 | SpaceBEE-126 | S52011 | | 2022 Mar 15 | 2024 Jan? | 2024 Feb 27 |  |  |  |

* * *

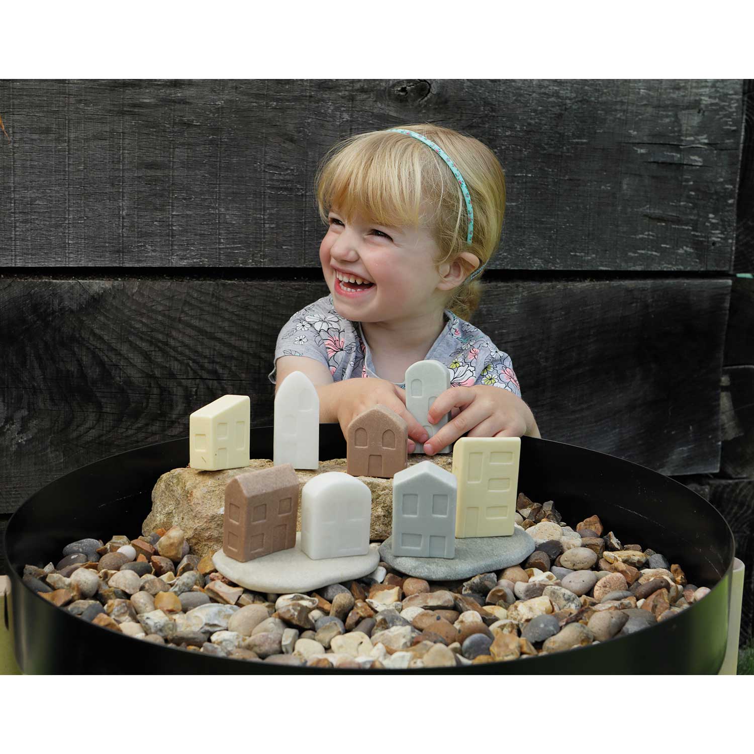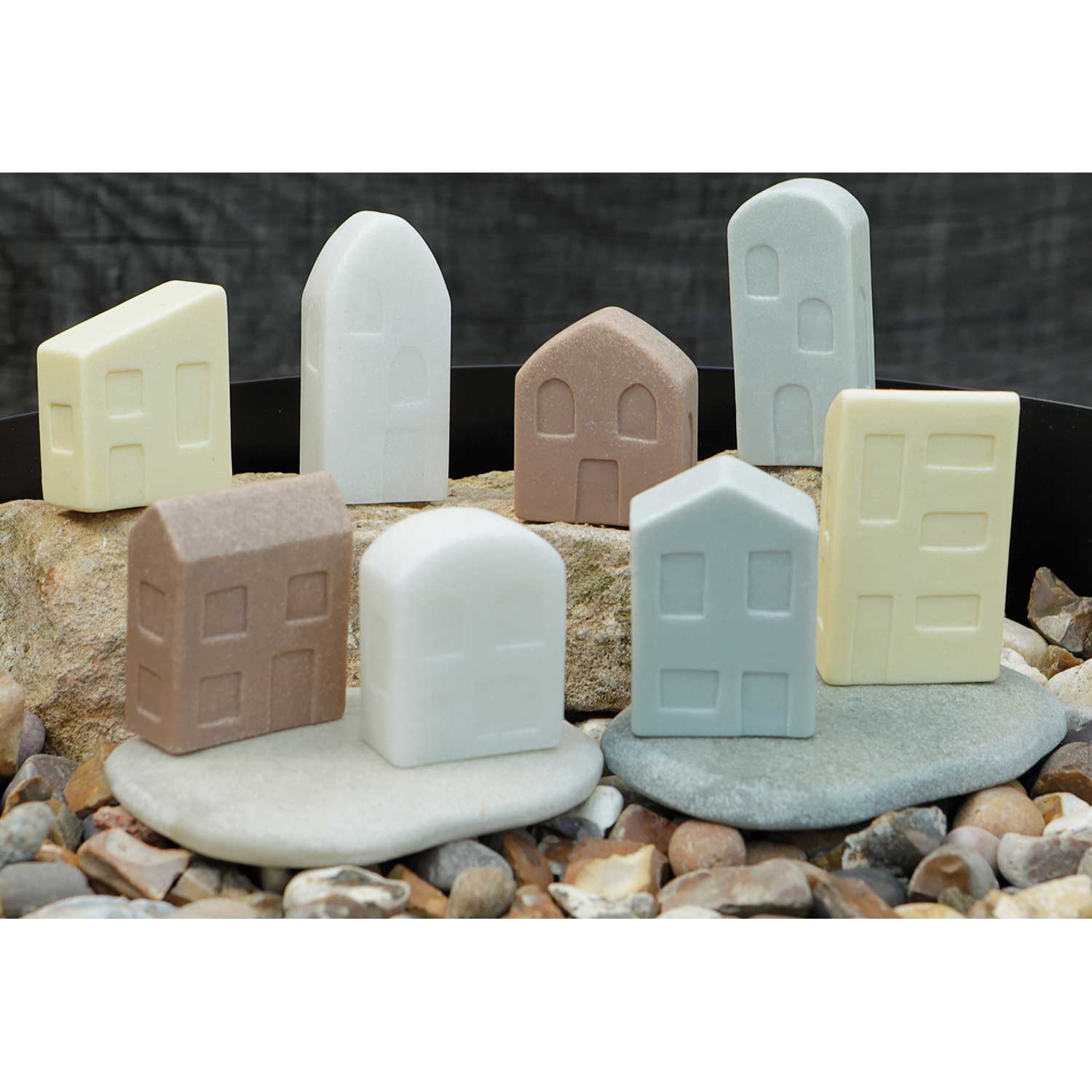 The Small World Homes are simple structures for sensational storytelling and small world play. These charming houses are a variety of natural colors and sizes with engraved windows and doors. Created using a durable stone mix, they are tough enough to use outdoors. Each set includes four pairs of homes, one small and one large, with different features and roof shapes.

* * *

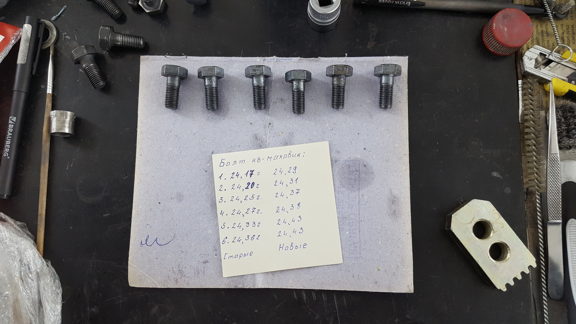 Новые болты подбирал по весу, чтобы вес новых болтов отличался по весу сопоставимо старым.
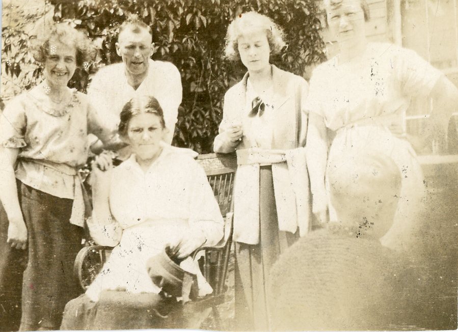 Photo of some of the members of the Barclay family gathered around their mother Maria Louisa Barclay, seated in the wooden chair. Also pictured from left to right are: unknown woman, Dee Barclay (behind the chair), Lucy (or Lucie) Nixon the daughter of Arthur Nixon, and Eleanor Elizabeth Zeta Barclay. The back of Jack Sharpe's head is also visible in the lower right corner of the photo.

**Exercise directions:**
Write out word for word the lines above that run from the one with "Новые болты подбирал" to the one with "Photo of some". Include both end lines; exclude the images.

**Response to the exercise:**
 Новые болты подбирал по весу, чтобы вес новых болтов отличался по весу сопоставимо старым.
 Photo of some of the members of the Barclay family gathered around their mother Maria Louisa Barclay, seated in the wooden chair. Also pictured from left to right are: unknown woman, Dee Barclay (behind the chair), Lucy (or Lucie) Nixon the daughter of Arthur Nixon, and Eleanor Elizabeth Zeta Barclay. The back of Jack Sharpe's head is also visible in the lower right corner of the photo.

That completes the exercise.